▶ _Excerpted records_:

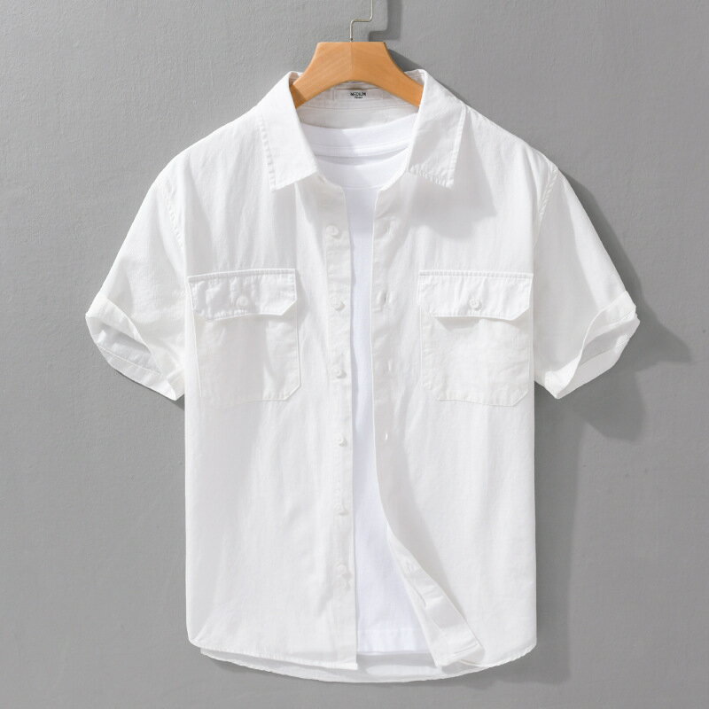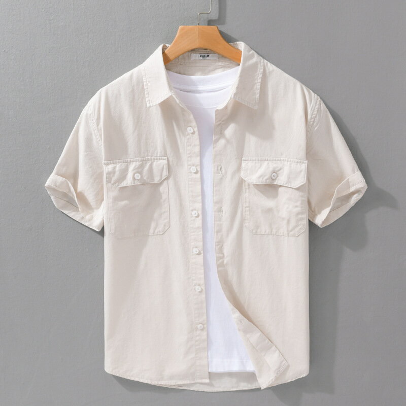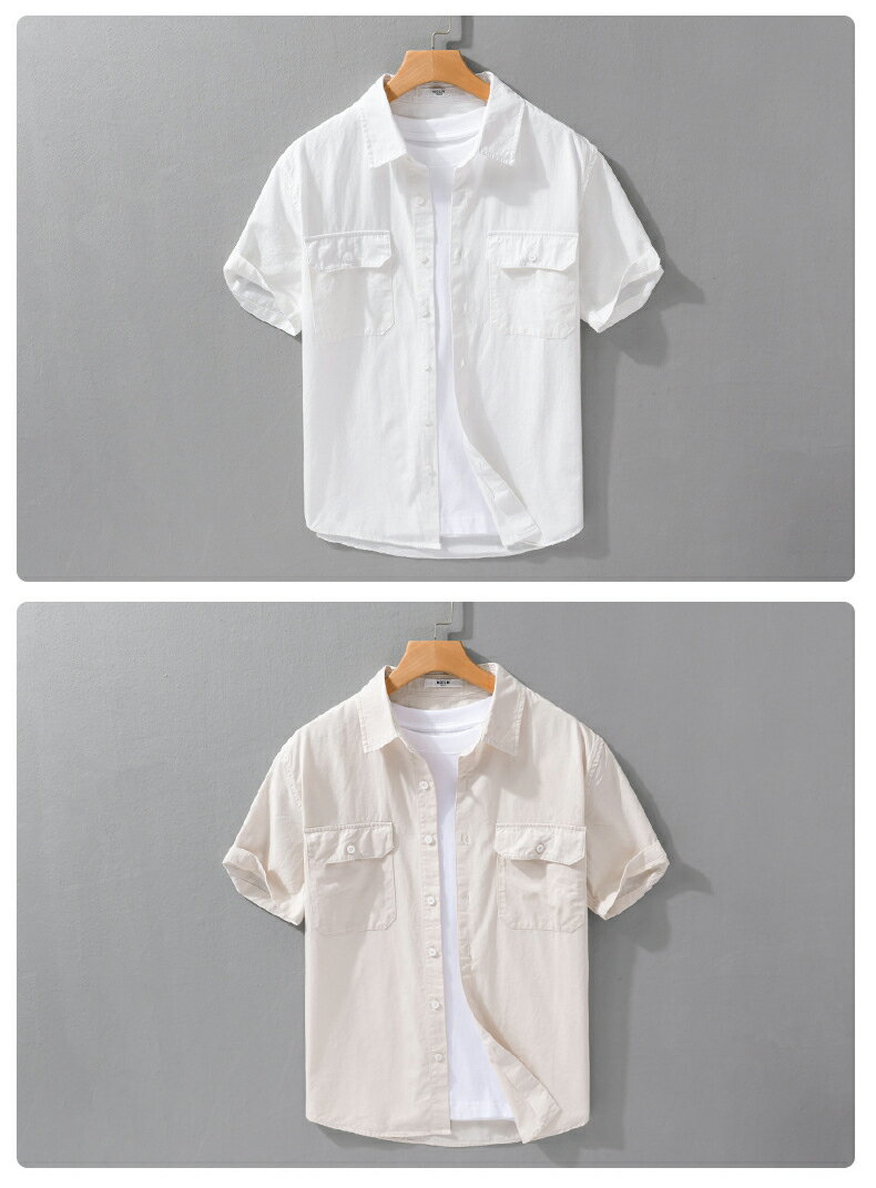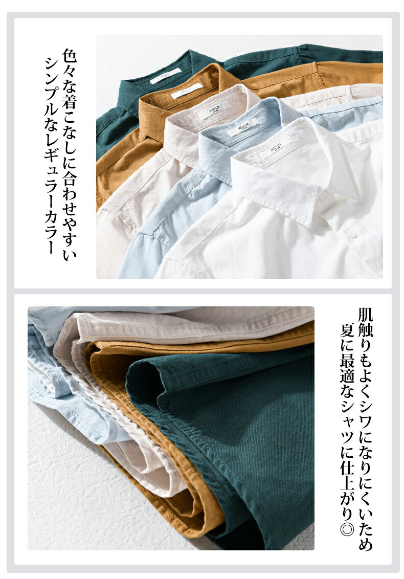 シャツ メンズ 半袖シャツ 無地 両ポケット付き ワークシャツ シンプル 羽織り 作業着 綿100% おしゃれ タイト 細身 かっこいい 柔らかい トップス カジュアルシャツ 白シャツ 夏 夏服 メンズファッション
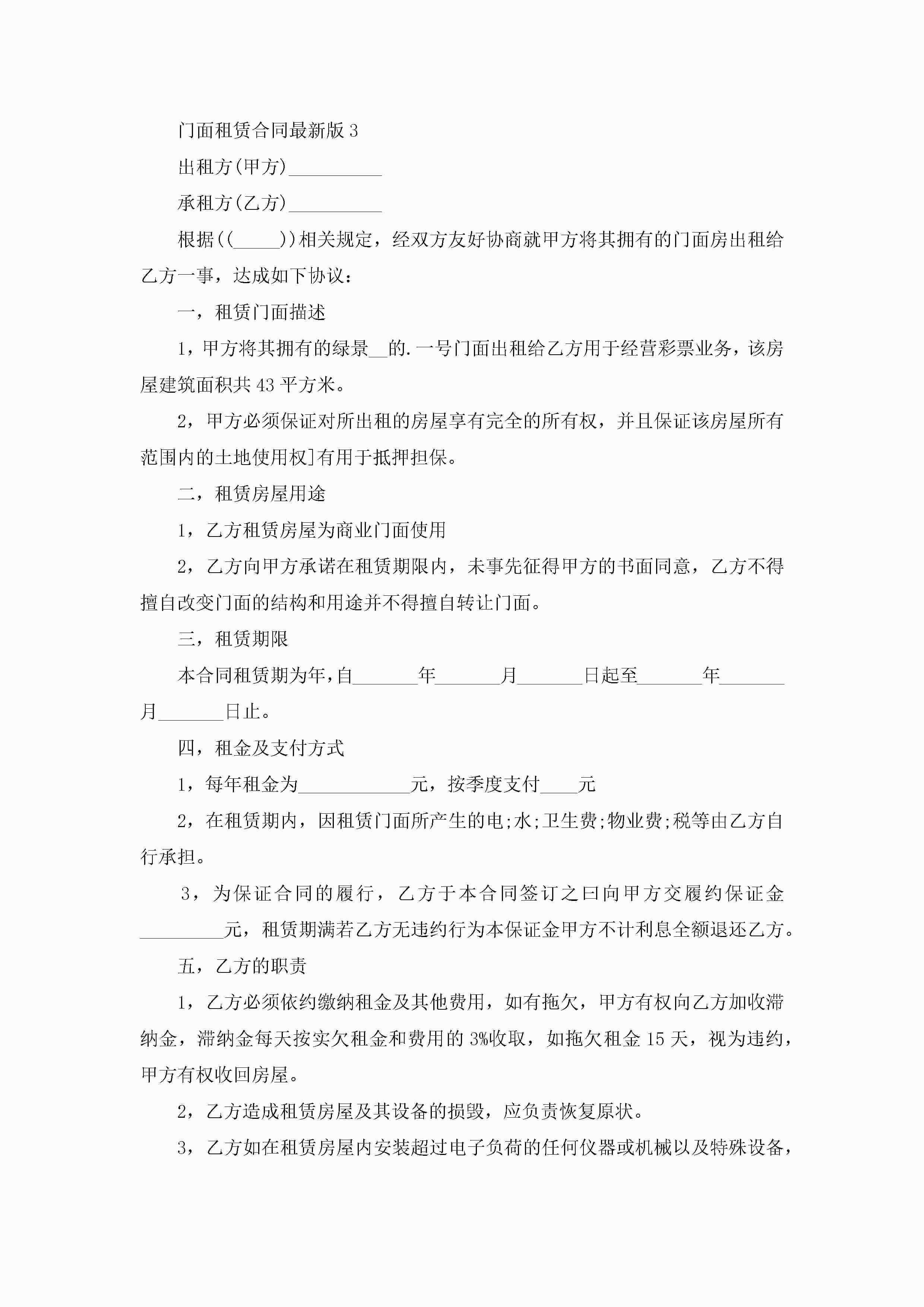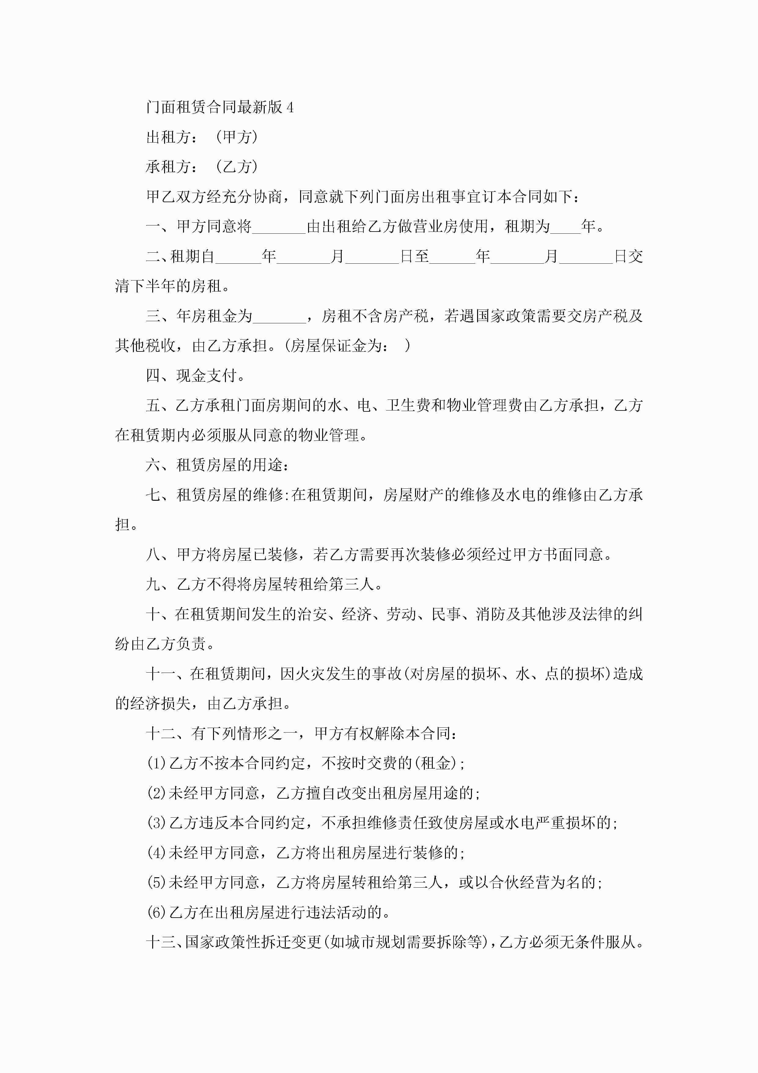 门面租赁合同最新版5篇jugei3月23日 01:41发布关注232 门面租赁合同最新版5篇此内容为付费资源,请付费后查看¥10.9 单篇文档限时特惠¥15个人会员开通企业会员开通立即下载无需登陆!可直接快捷下载单个模板付费资源© 版权声明THE ENDWord模板# 实用文档# 合同模板# 租赁合同# 门面租赁合同最新版 如有问题,可点击最底部“联系我们”联系客服 分享QQ空间微博QQ好友海报分享复制链接收藏
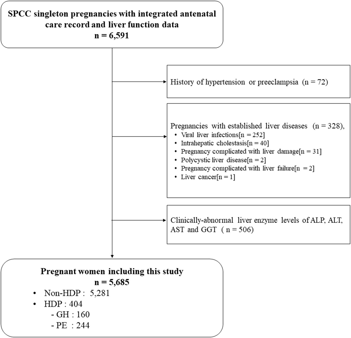 A total of 6,591 participants had complete GH and PE diagnosis record and liver enzyme data, of which 400 participants were excluded because of hypertension and PE history (n = 72), and established liver diseases during this pregnancy (n = 328). Further, 506 participants with clinically-abnormal liver enzyme levels were excluded. Finally, 5,685 pregnant women were included for analysis, among which 160 (2.8%) developed GH and 244 (4.3%) developed PE, respectively (Figure 1).
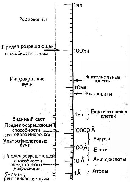 Рис. 1. Спектр электромагнитного излучения. Для наглядности приведены размеры атомов и биологических микрообъектов.
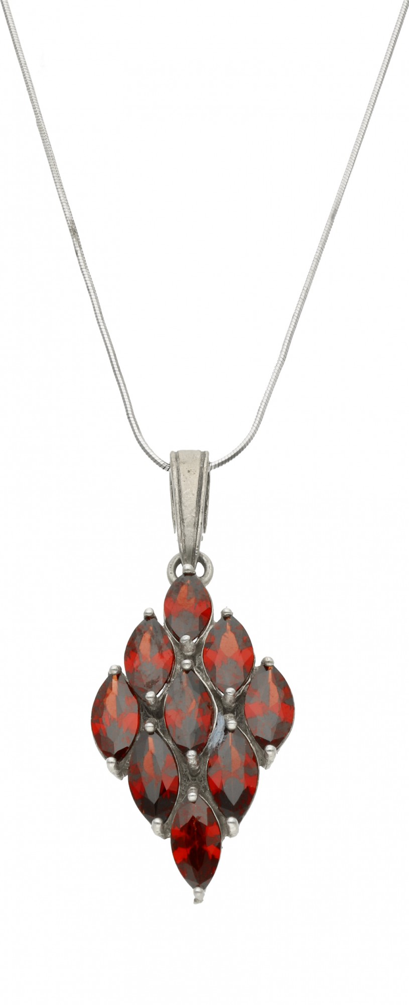 Srebrna zawieszka z czerwonymi cyrkoniami

▶ _Problem to work on_: Transcribe all the lines above exactly; any image among them is skipped.

▶ _Exercise output_:
 シャツ メンズ 半袖シャツ 無地 両ポケット付き ワークシャツ シンプル 羽織り 作業着 綿100% おしゃれ タイト 細身 かっこいい 柔らかい トップス カジュアルシャツ 白シャツ 夏 夏服 メンズファッション
 门面租赁合同最新版5篇jugei3月23日 01:41发布关注232 门面租赁合同最新版5篇此内容为付费资源,请付费后查看¥10.9 单篇文档限时特惠¥15个人会员开通企业会员开通立即下载无需登陆!可直接快捷下载单个模板付费资源© 版权声明THE ENDWord模板# 实用文档# 合同模板# 租赁合同# 门面租赁合同最新版 如有问题,可点击最底部“联系我们”联系客服 分享QQ空间微博QQ好友海报分享复制链接收藏
 A total of 6,591 participants had complete GH and PE diagnosis record and liver enzyme data, of which 400 participants were excluded because of hypertension and PE history (n = 72), and established liver diseases during this pregnancy (n = 328). Further, 506 participants with clinically-abnormal liver enzyme levels were excluded. Finally, 5,685 pregnant women were included for analysis, among which 160 (2.8%) developed GH and 244 (4.3%) developed PE, respectively (Figure 1).
 Рис. 1. Спектр электромагнитного излучения. Для наглядности приведены размеры атомов и биологических микрообъектов.
 Srebrna zawieszka z czerwonymi cyrkoniami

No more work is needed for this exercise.